Researchers at the University of Texas at Austin have used generative artificial intelligence to transform sound recordings made on the streets into street-view images that are surprisingly close to reality.
The researchers were able to convert sounds from audio recordings into street-view images with remarkable accuracy. Published in Computers, Environment and Urban Systems, their research reports on the training of an AI model of sound-to-image conversion using sound data collected from a variety of urban and rural landscapes. This model can now be used to generate novel images.
Their study shows that acoustic environments contain enough visual cues to be able to recreate the reality of an environment relatively accurately. This means the scientists can convert acoustic environments into visual representations of those places.
To achieve their goal, they captured videos and sounds from YouTube videos of cities and country roads in North America, Asia and Europe.

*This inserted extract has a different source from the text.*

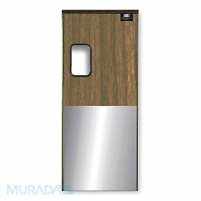 Swinging Door Door Height 7 ft Door Width 3 ft Door Color Light Wood Swinging Door Material Aluminum/Laminate Number of Doors 1 Window Height 14 in Window Width 9 in Bumpers Included No Opening Height 7 ft Opening Width 3 ft Window Color Clear Window Material Polycarbonate Right Jamb Window Included Yes

This enabled the team to create pairs of 10-second audio clips and images of the corresponding locations to train their model.
The model was then able to create high-resolution images from a simple audio input. These were then compared with the actual images corresponding to the sounds, and assessed in relation to the proportions of greenery, buildings and sky. Initial results showed a fairly strong correlation in the proportions of sky and greenery between the real images and those generated by AI.
The results were a little less impressive when it comes to buildings. It should be noted that the AI is even able to recognise whether the sounds were recorded during the day or at night, using cues such as traffic noise in the city or insect noise in the countryside.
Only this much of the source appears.